- Не люблю этого места; у меня отобрали одну комнату, потому что я корреспондент журнала "Франция - Америка". - Он улыбнулся: - К счастью, для меня это скоро станет слишком дорого, и я вынужден буду отсюда съехать.
- А если не вынудят, вы уехать не можете?
- Нет. Вот почему, на мой взгляд, деньги - вещь пагубная. - От взрыва веселья лицо его помолодело. - Как только они у меня появляются, я спешу от них избавиться.
- Виктор Скрясин, не так ли?
К нашему столу подошел маленький лысый старичок с мягким взглядом.
- Да.
В глазах Скрясина я читала недоверие и в то же время некую надежду.
- Вы меня не узнаете? Со времен Вены я сильно постарел. Манес Гольдман; я дал себе слово сказать вам спасибо, если когда-нибудь встречу вас: спасибо за вашу книгу.

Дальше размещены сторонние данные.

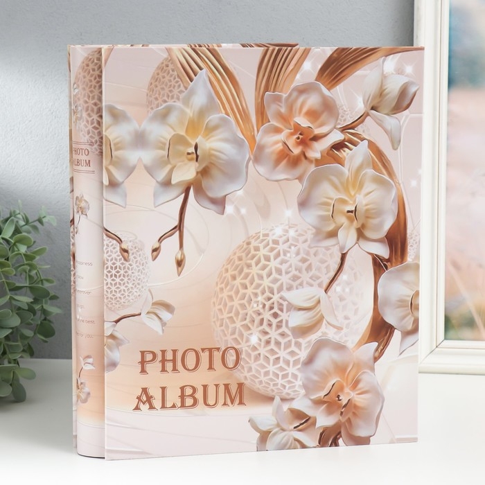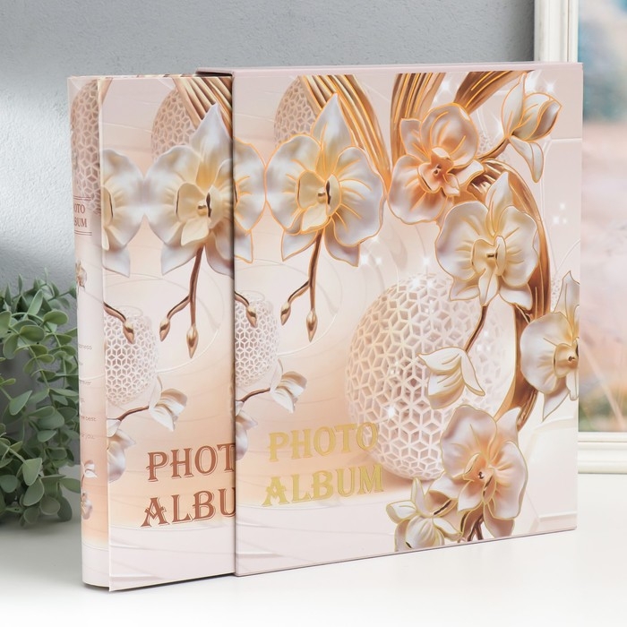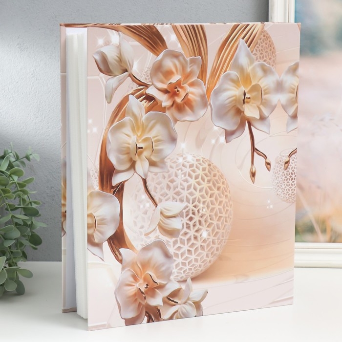 Фотоальбом на 400 фото 10х15 см "Кремовые орхидеи" золотое тиснение МИКС 33,5х27,5х5,5 см

- Манес Гольдман! Ну конечно! - с жаром воскликнул Скрясин. - Теперь вы живете во Франции?
- С тридцать пятого года. Год я провел в лагере Гурс, но вовремя оттуда вышел... - Голос у него был еще мягче, чем взгляд, и такой тихий, что казался неживым. - Я не хочу мешать вам; я рад, что пожал руку человеку, написавшему "Коричневую Вену".
- Я рад был снова повидать вас, - ответил Скрясин.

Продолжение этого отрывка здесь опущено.